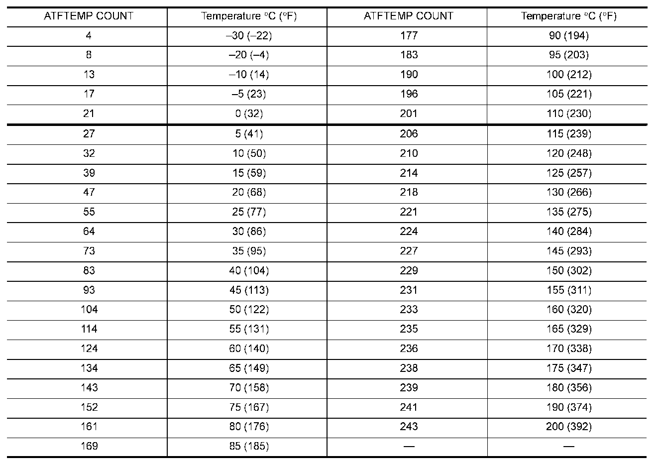 ATFTEMP COUNT Conversion Table
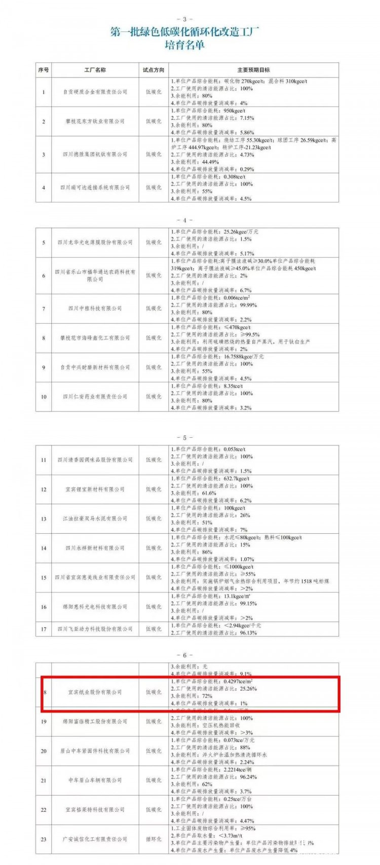 4月17日,四川省经济和信息化厅印发《关于公布第一批绿色低碳化循环化改造园区(工厂)培育名单及主要预期目标的通知》(以下简称《通知》),公布我省第一批绿色低碳化循环化改造园区(工厂)培育名单,宜宾纸业股份有限公司成功入围。
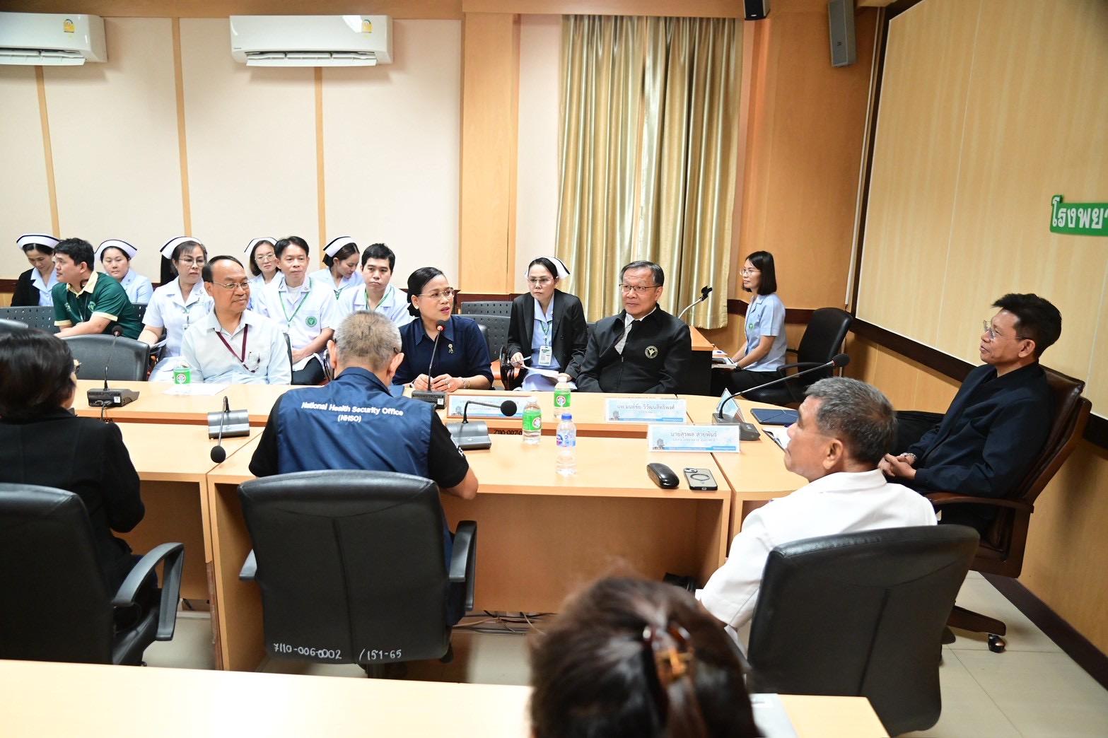 ในการนี้ มีการแลกเปลี่ยนเรียนรู้และนำเสนอผลการดำเนินงานร่วมกับผู้บริหารระดับจังหวัด โรงพยาบาล และหน่วยงานที่เกี่ยวข้อง พร้อมรับฟังข้อเสนอแนะเพื่อเพิ่มประสิทธิภาพการบริหารจัดการงบประมาณกองทุนหลักประกันสุขภาพแห่งชาติ
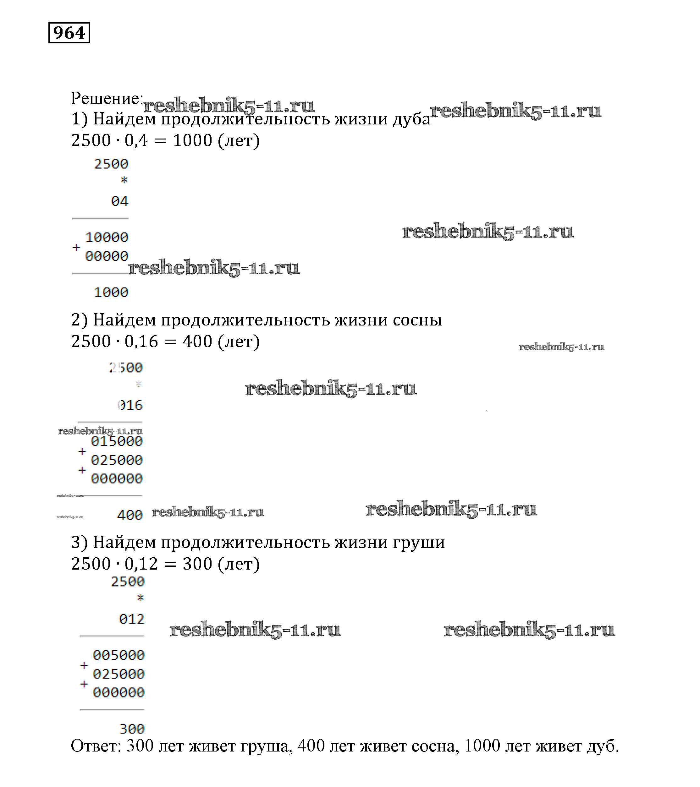 Готовая домашняя работа с ответами по Математике за 5 класс Муравин, Муравина Учебник Дрофа 2016 ФГОС - Упражнения 964
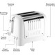 Dualit Lite brauðristirnar eru stílhreinar og endingargóðar. Beyglu hnappur til að rista bollur/beyglur (ristar aðra hliðina og hitar hina). Handvirkur lyfti búnaður sem fer hátt upp til að brenna ekki fingur og gerir þér kleift að skoða brauðið á meðan það er að ristast. Afþíðingarstilling hitar varlega frosið brauð og auðvelt er að tæma mylsnubakkann. Non-slip fætur tryggja að hún haldist nákvæmlega þar sem þú vilt hafa hana fyrir minni sóðaskap og meira öryggi. Ristar allt að 60 sneiðar á klukkustund.
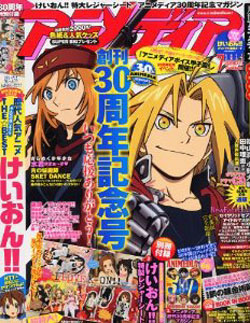 This is the 30th Anniversary issue! Bonuses include a huge 'K-On!!' treasure sheet! Also includes a special 30th Anniversary booklet featuring the history of anime and Animedia!
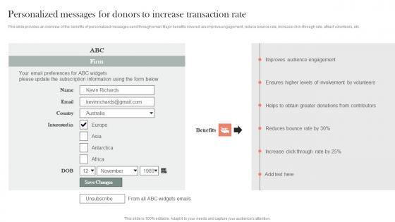 This slide provides an overview of the benefits of personalized messages send through email. Major benefits covered are improve engagement, reduce bounce rate, increase click-through rate, attract volunteers, etc.Whether you have daily or monthly meetings, a brilliant presentation is necessary. Personalized Messages For Donors To Increase Transaction Rate Efficient Nonprofit Marketing can be your best option for delivering a presentation. Represent everything in detail using Personalized Messages For Donors To Increase Transaction Rate Efficient Nonprofit Marketing and make yourself stand out in meetings. The template is versatile and follows a structure that will cater to your requirements. All the templates prepared by Slidegeeks are easy to download and edit. Our research experts have taken care of the corporate themes as well. So, give it a try and see the results. This slide provides an overview of the benefits of personalized messages send through email. Major benefits covered are improve engagement, reduce bounce rate, increase click-through rate, attract volunteers, etc.
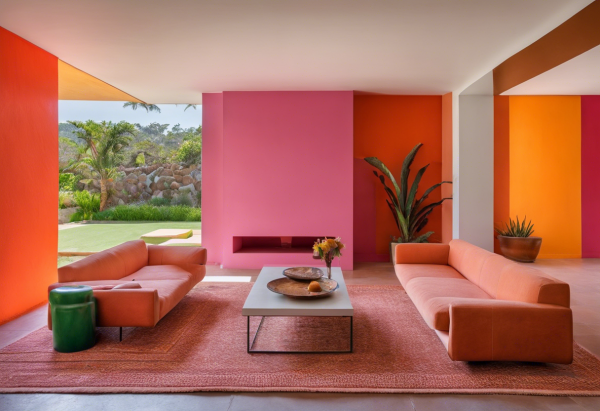 Luis Barragán's architecture-interior design style is characterized by his innovative use of vibrant colors, bold geometric shapes, and meticulous attention to light and shadow. His compositions evoke a sense of serenity and harmony, combining modernist principles with traditional Mexican elements to create a unique and poetic living experience.

_The problem_
Would you copy, word for word, only the lines above from the one containing "4月17日,四川省经济和信息" through the one containing "Dualit Lite brauðristirnar", both included, and please leave out the pictures?

_Written reply_
 4月17日,四川省经济和信息化厅印发《关于公布第一批绿色低碳化循环化改造园区(工厂)培育名单及主要预期目标的通知》(以下简称《通知》),公布我省第一批绿色低碳化循环化改造园区(工厂)培育名单,宜宾纸业股份有限公司成功入围。
 ในการนี้ มีการแลกเปลี่ยนเรียนรู้และนำเสนอผลการดำเนินงานร่วมกับผู้บริหารระดับจังหวัด โรงพยาบาล และหน่วยงานที่เกี่ยวข้อง พร้อมรับฟังข้อเสนอแนะเพื่อเพิ่มประสิทธิภาพการบริหารจัดการงบประมาณกองทุนหลักประกันสุขภาพแห่งชาติ
 Готовая домашняя работа с ответами по Математике за 5 класс Муравин, Муравина Учебник Дрофа 2016 ФГОС - Упражнения 964
 Dualit Lite brauðristirnar eru stílhreinar og endingargóðar. Beyglu hnappur til að rista bollur/beyglur (ristar aðra hliðina og hitar hina). Handvirkur lyfti búnaður sem fer hátt upp til að brenna ekki fingur og gerir þér kleift að skoða brauðið á meðan það er að ristast. Afþíðingarstilling hitar varlega frosið brauð og auðvelt er að tæma mylsnubakkann. Non-slip fætur tryggja að hún haldist nákvæmlega þar sem þú vilt hafa hana fyrir minni sóðaskap og meira öryggi. Ristar allt að 60 sneiðar á klukkustund.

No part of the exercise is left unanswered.